2.2.1 Remove a column using the select() function

Adding a minus sign to the name of a variable within the select() command will remove that variable, leaving all of the others.

my_data_frame <- 
  my_data_frame %>%
  dplyr::select(-total)

kable(my_data_frame)

n	x	y	z
russ	1	4	7
lucy	2	5	8
jaclyn	3	6	9
tyler	4	7	10

2.3 Tidyverse in action

To see the tidyverse in action, let’s clean up the NHANES dataset. Each individual in the NHANES dataset has a unique identifier stored in the variable ID. First let’s look at the number of rows in the dataset:

nrow(NHANES)

## [1] 10000

Now let’s see how many unique IDs there are. The unique() function returns a vector containing all of the unique values for a particular variable, and the length() function returns the length of the resulting vector.

length(unique(NHANES$ID))

## [1] 6779

This shows us that while there are 10,000 observations in the data frame, there are only 6779 unique IDs. This means that if we were to use the entire dataset, we would be reusing data from some individuals, which could give us incorrect results. For this reason, we wold like to discard any observations that are duplicated.

Let’s create a new variable called NHANES_unique that will contain only the distinct observations, with no individuals appearing more than once. The dplyr library provides a function called distinct() that will do this for us. You may notice that we didn’t explicitly load the dplyr library above; however, if you look at the messages that appeared when we loaded the tidyverse library, you will see that it loaded dplyr for us. To create the new data frame with unique observations, we will pipe the NHANES data frame into the distinct() function and then save the output to our new variable.

NHANES_unique <- 
  NHANES %>% 
  distinct(ID, .keep_all = TRUE)

If we number of rows in the new data frame, it should be the same as the number of unique IDs (6779):

nrow(NHANES_unique)

## [1] 6779

In the next example you will see the power of pipes come to life, when we start tying together multiple functions into a single operation (or “pipeline”).

2.4 Looking at individual variables using pull() and head()

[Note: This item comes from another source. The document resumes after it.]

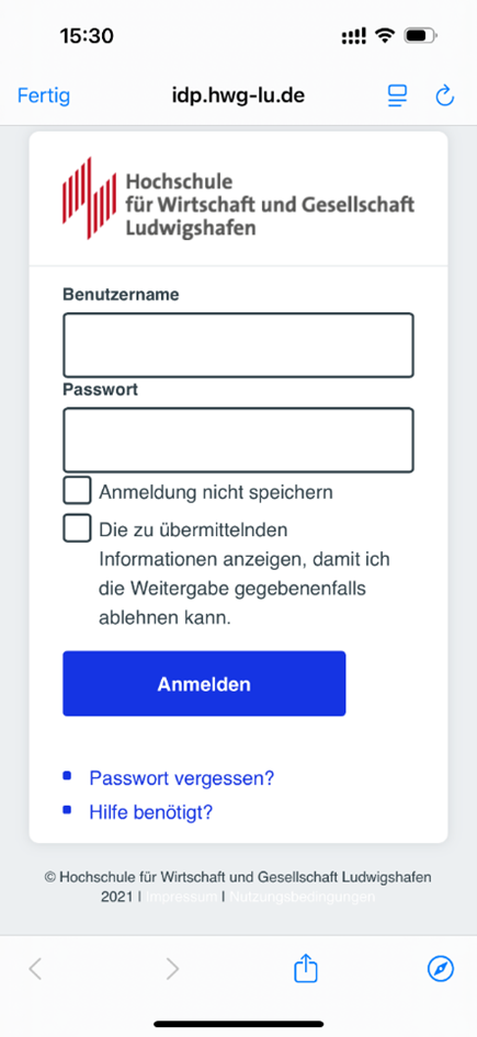 - Melde Dich mit Deinen Hochschul-Zugangsdaten an und bestätige Deinen Status.

The NHANES data frame contains a large number of variables, but usually we are only interested in a particular variable. We can extract a particular variable from a data frame using the pull() function. Let’s say that we want to extract the variable PhysActive. We could do this by piping the data frame into the pull command, which will result in a list of many thousands of values. Instead of printing out this entire list, we will pipe the result into the head() function, which just shows us the first few values contained in a variable. In this case we are not assigning the value back to a variable, so it will simply be printed to the screen.

NHANES %>%
  # extract the PhysActive variable
  pull(PhysActive) %>%
  # extract the first 10 values 
  head(10) %>%
  kable()

x
No
No
No
NA
No
NA
NA
Yes
Yes
Yes

There are two important things to notice here. The first is that there are three different values apparent in the answers: “Yes”, “No”, and , which means that the value is missing for this person (perhaps they didn’t want to answer that question on the survey). When we are working with data we generally need to remove missing values, as we will see below.

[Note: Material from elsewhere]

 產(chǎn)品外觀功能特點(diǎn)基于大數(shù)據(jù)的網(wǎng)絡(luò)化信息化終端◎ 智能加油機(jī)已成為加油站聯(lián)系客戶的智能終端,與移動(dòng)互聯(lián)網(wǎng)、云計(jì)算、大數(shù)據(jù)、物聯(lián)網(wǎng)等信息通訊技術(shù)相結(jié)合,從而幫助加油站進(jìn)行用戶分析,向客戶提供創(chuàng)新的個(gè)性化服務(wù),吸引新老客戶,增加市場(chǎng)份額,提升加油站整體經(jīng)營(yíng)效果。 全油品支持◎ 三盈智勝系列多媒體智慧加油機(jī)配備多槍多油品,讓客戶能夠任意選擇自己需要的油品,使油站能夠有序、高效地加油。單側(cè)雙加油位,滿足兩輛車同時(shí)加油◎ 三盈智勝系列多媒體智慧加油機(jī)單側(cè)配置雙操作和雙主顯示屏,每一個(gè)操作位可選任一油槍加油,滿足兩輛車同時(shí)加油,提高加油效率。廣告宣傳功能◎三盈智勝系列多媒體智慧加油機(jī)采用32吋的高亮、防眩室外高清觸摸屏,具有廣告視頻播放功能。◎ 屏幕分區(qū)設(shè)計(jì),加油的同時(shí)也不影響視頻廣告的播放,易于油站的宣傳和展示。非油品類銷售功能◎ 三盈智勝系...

The second thing to notice is that R prints out a list of “Levels” of the variable. This is because this variable is defined as a particular kind of variable in R known as a factor. You can think of a factor variable as a categorial variable with a specific set of levels. The missing data are not treated as a level, so it can be useful to make the missing values explicit, which can be done using a function called fct_explicit_na() in the forcats package. Let’s add a line to do that:

NHANES %>%
  mutate(PhysActive = fct_explicit_na(PhysActive)) %>%
  # extract the PhysActive variable
  pull(PhysActive) %>%
  # extract the first 10 values 
  head(10) %>%
  kable()

x
No
No
No
(Missing)
No
(Missing)
(Missing)
Yes
Yes
Yes

This new line overwrote the old value of PhysActive with a version that has been processed by the fct_explicit_na() function to convert values to explicitly missing values. Now you can see that Missing values are treated as an explicit level, which will be useful later.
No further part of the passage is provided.